◆ **Exercise aim**
Write back every entry exactly as it reads, with the pictures left behind.

◆ **Data provided**

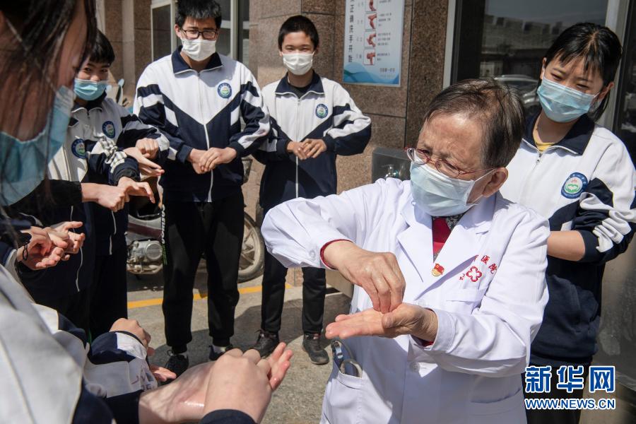 路生梅(前右)在佳县第一中学为中学生讲解洗手防疫知识(2020年4月8日摄)。新华社记者 陶明 摄
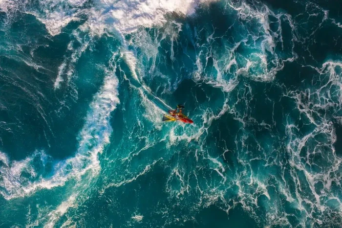 βDiambil dari atas dengan drone, gambar ini menawarkan tampilan unik dari olahraga yang jarang dilihat orang dari dekat. Foto ini diambil saat kompetisi American Windsurfing Tour, tempat beberapa peselancar angin terbaik dunia datang untuk menguji kemampuan mereka. Dari pemandangan udara ini, Anda dapat benar-benar merasakan kekuatan lautan dan hubungan antara peselancar, ombak, dan angin yang menggerakkan semuanya.β Foto: Ocean Photographer of the Year
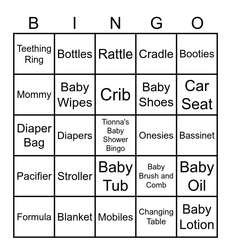 This bingo card has a free space and 24 words: Formula, Stroller, Crib, Changing Table, Booties, Teething Ring, Bottles, Rattle, Onesies, Bassinet, Diaper Bag, Baby Wipes, Baby Brush and Comb, Baby Oil, Mommy, Blanket, Mobiles, Cradle, Car Seat, Pacifier, Diapers, Baby Tub, Baby Shoes and Baby Lotion.
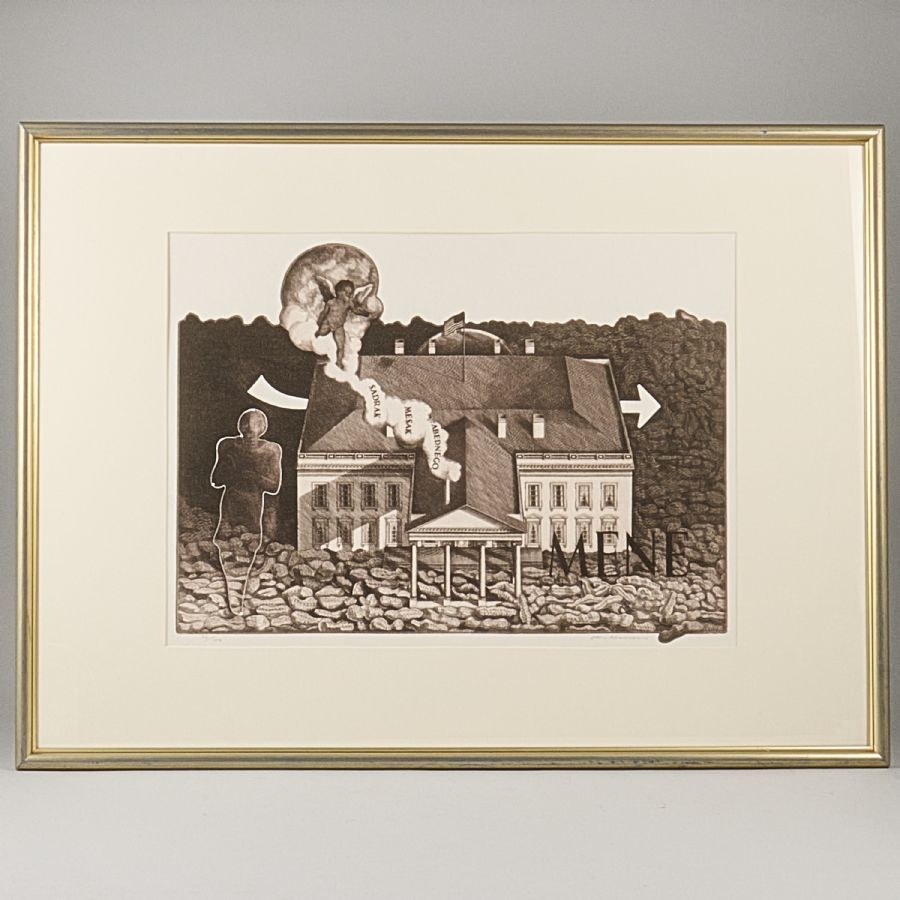 Kopparstick, "Mene mene tekel". Signerad, numrerad 73/100, daterad -78,45x62 cm, yttermått inklusive ram: 71x96 cm
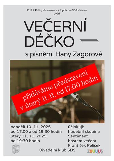 Hudební skupina Sentiment již po několik let v klubu klatovského divadla uvádí tradiční pořad Večerní Déčko, jehož tematická zaměření vždy úzce souvisí i s hudební částí večera. Podzimní termín si klade za cíl zmapovat tvorbu známé české zpěvačky Hany Zagorové. Posluchači se mohou těšit na průřez bezmála šedesátileté kariéry jedné z nejoblíbenějších českých zpěvaček, chybět nebude ani tradiční host. | ||
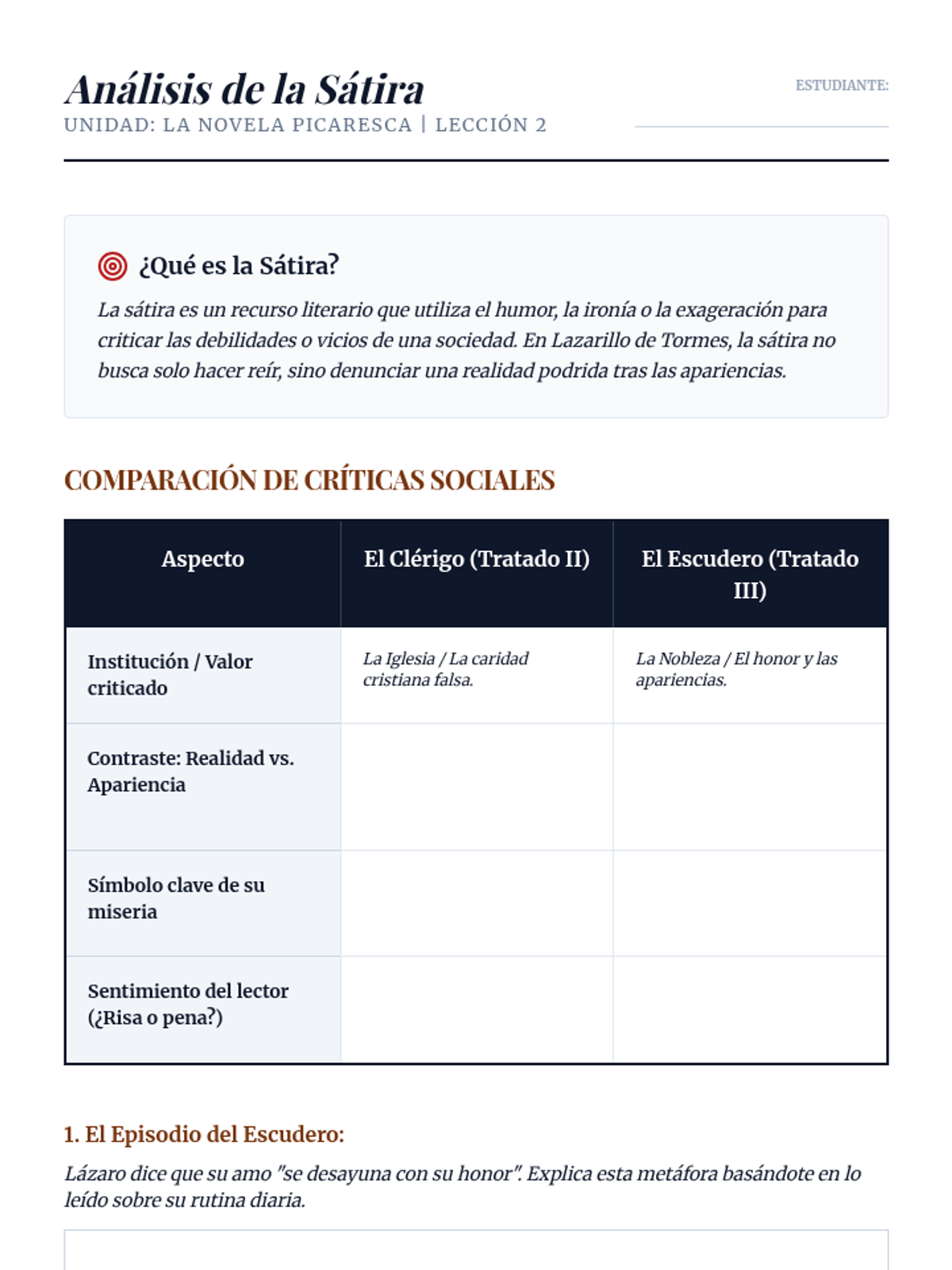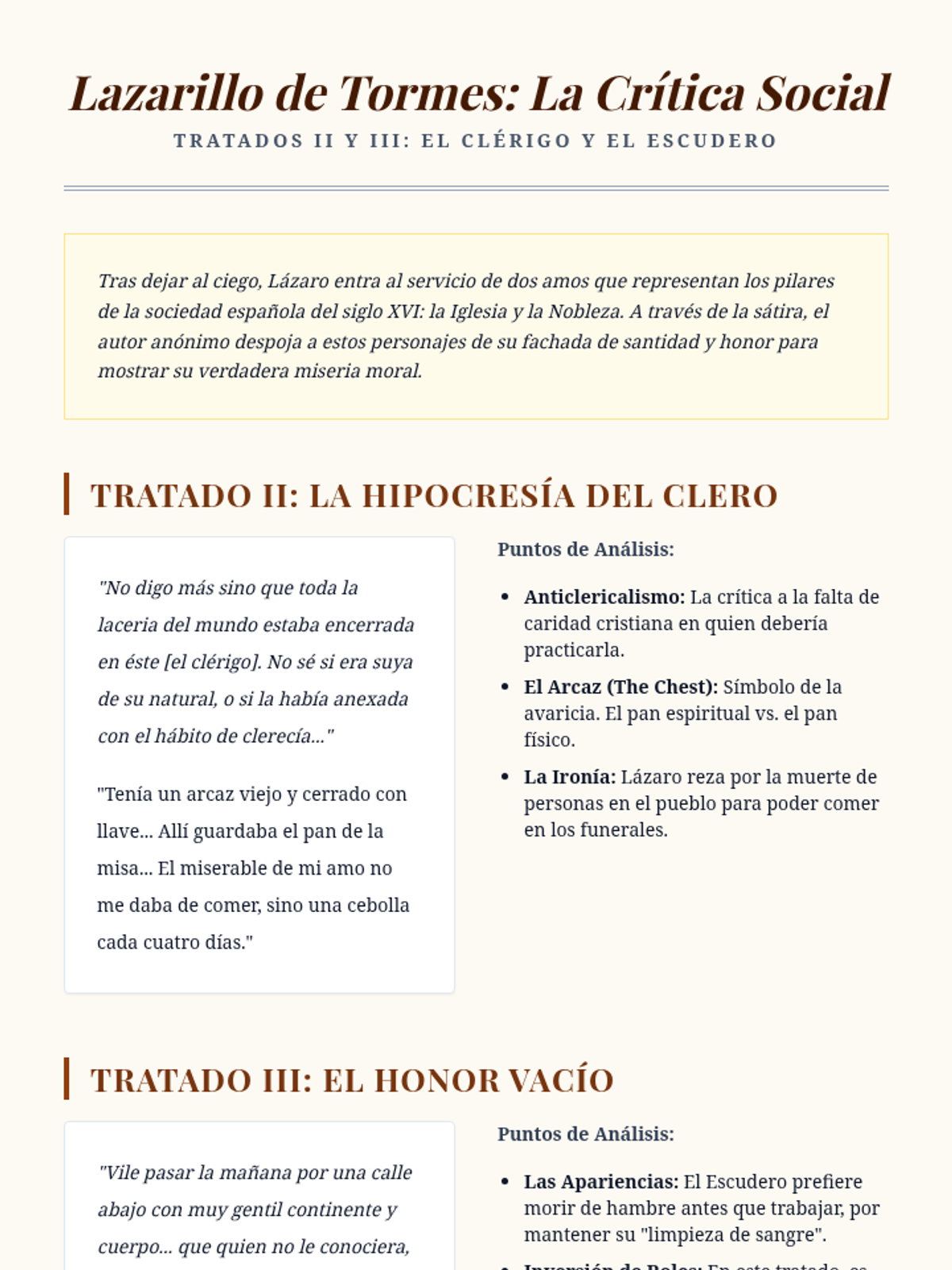 A deep dive into the satire directed at the clergy and the nobility. Students analyze how Lazarillo's experiences with the Priest and the Squire expose hypocrisy and the emptiness of social 'honor'.
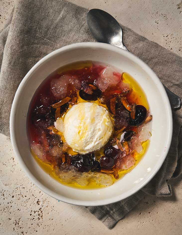 In his version of the cool dessert, Singson makes use of stewed cherries, lime tonka granita, and slivered almonds, which is finished off with olive oil for a bitter, fruity, and nutty note.
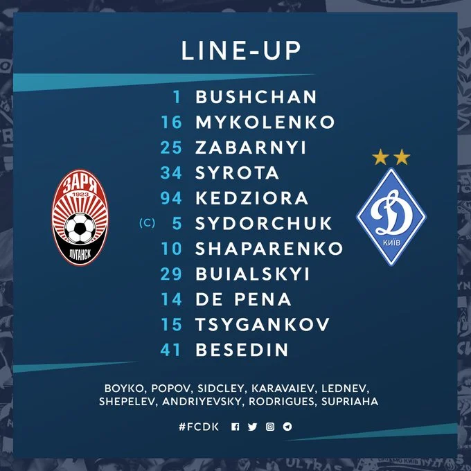 Динамо: Бущан – Кендзьора, Сирота, Забарний, Миколенко – Сидорчук, Шапаренко – Циганков, Буяльський, Де Пена – Бєсєдін
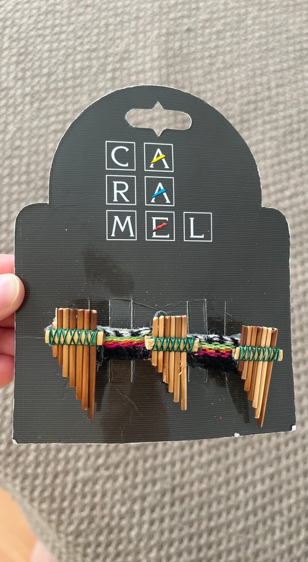 Koyu camel ahşap renkte, canlı renkli iplerle süslenmiş küçük bir pan flüt müzikal tarzı kompakt boyuttadır. Arkası geçirip takılmalı
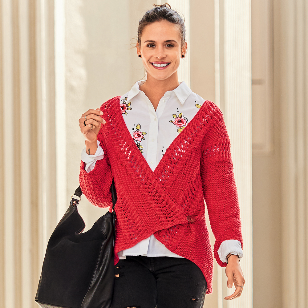 Асимметричный жакет с ажурным узором - схема вязания спицами. Вяжем Жакеты на Verena.ru
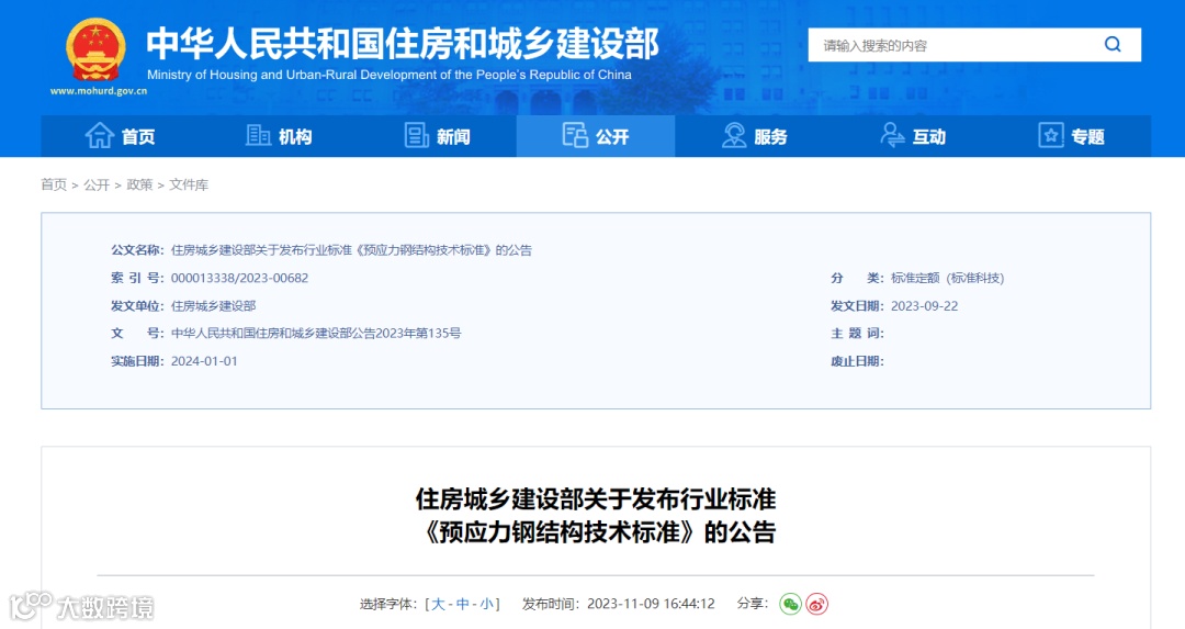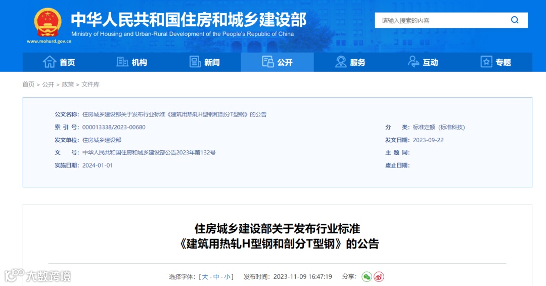 近日,住建部发布8项行业标准《建筑用热轧H型钢和剖分T型钢》《城市信息模型应用统一标准》《城市信息模型数据加工技术标准》《预应力钢结构技术标准》《城市道路绿化设计标准》《生活垃圾渗沥液处理技术标准》《生活垃圾焚烧飞灰固化稳定化处理技术标准》《生活垃圾转运站运行维护技术标准》。
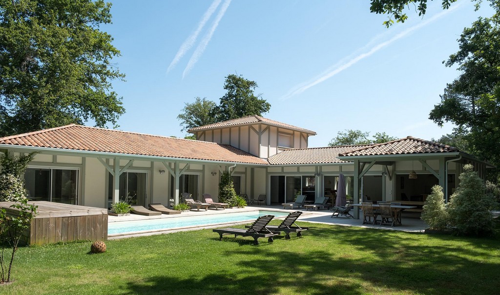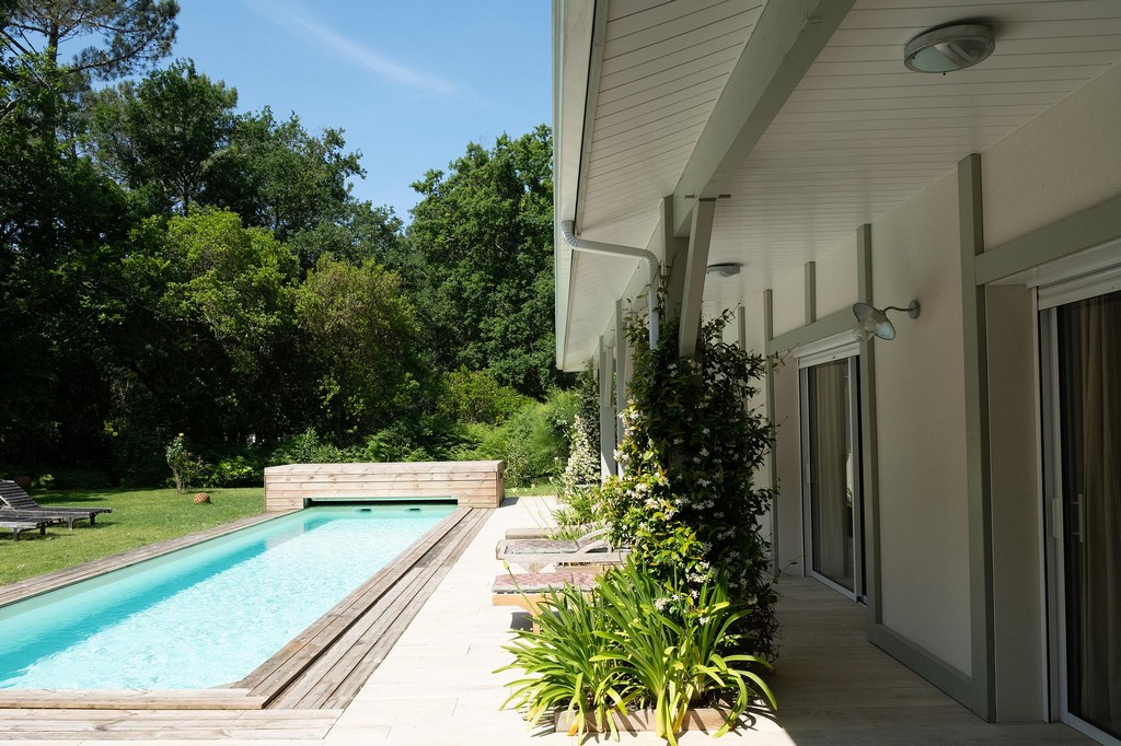 Das gesamte Haus, das auf einem Park von über 2000 m² gebaut wurde, ist nach Südwesten ausgerichtet und liegt gegenüber einem beheizten Pool, der durch einen Unterwasserrollladen gesichert ist, mit einem Poolhaus, einer Sommerküche und einem Bouleplatz.

◆ **Worked solution**
 路生梅(前右)在佳县第一中学为中学生讲解洗手防疫知识(2020年4月8日摄)。新华社记者 陶明 摄
 βDiambil dari atas dengan drone, gambar ini menawarkan tampilan unik dari olahraga yang jarang dilihat orang dari dekat. Foto ini diambil saat kompetisi American Windsurfing Tour, tempat beberapa peselancar angin terbaik dunia datang untuk menguji kemampuan mereka. Dari pemandangan udara ini, Anda dapat benar-benar merasakan kekuatan lautan dan hubungan antara peselancar, ombak, dan angin yang menggerakkan semuanya.β Foto: Ocean Photographer of the Year
 This bingo card has a free space and 24 words: Formula, Stroller, Crib, Changing Table, Booties, Teething Ring, Bottles, Rattle, Onesies, Bassinet, Diaper Bag, Baby Wipes, Baby Brush and Comb, Baby Oil, Mommy, Blanket, Mobiles, Cradle, Car Seat, Pacifier, Diapers, Baby Tub, Baby Shoes and Baby Lotion.
 Kopparstick, "Mene mene tekel". Signerad, numrerad 73/100, daterad -78,45x62 cm, yttermått inklusive ram: 71x96 cm
 Hudební skupina Sentiment již po několik let v klubu klatovského divadla uvádí tradiční pořad Večerní Déčko, jehož tematická zaměření vždy úzce souvisí i s hudební částí večera. Podzimní termín si klade za cíl zmapovat tvorbu známé české zpěvačky Hany Zagorové. Posluchači se mohou těšit na průřez bezmála šedesátileté kariéry jedné z nejoblíbenějších českých zpěvaček, chybět nebude ani tradiční host. | ||
 A deep dive into the satire directed at the clergy and the nobility. Students analyze how Lazarillo's experiences with the Priest and the Squire expose hypocrisy and the emptiness of social 'honor'.
 In his version of the cool dessert, Singson makes use of stewed cherries, lime tonka granita, and slivered almonds, which is finished off with olive oil for a bitter, fruity, and nutty note.
 Динамо: Бущан – Кендзьора, Сирота, Забарний, Миколенко – Сидорчук, Шапаренко – Циганков, Буяльський, Де Пена – Бєсєдін
 Koyu camel ahşap renkte, canlı renkli iplerle süslenmiş küçük bir pan flüt müzikal tarzı kompakt boyuttadır. Arkası geçirip takılmalı
 Асимметричный жакет с ажурным узором - схема вязания спицами. Вяжем Жакеты на Verena.ru
 近日,住建部发布8项行业标准《建筑用热轧H型钢和剖分T型钢》《城市信息模型应用统一标准》《城市信息模型数据加工技术标准》《预应力钢结构技术标准》《城市道路绿化设计标准》《生活垃圾渗沥液处理技术标准》《生活垃圾焚烧飞灰固化稳定化处理技术标准》《生活垃圾转运站运行维护技术标准》。
 Das gesamte Haus, das auf einem Park von über 2000 m² gebaut wurde, ist nach Südwesten ausgerichtet und liegt gegenüber einem beheizten Pool, der durch einen Unterwasserrollladen gesichert ist, mit einem Poolhaus, einer Sommerküche und einem Bouleplatz.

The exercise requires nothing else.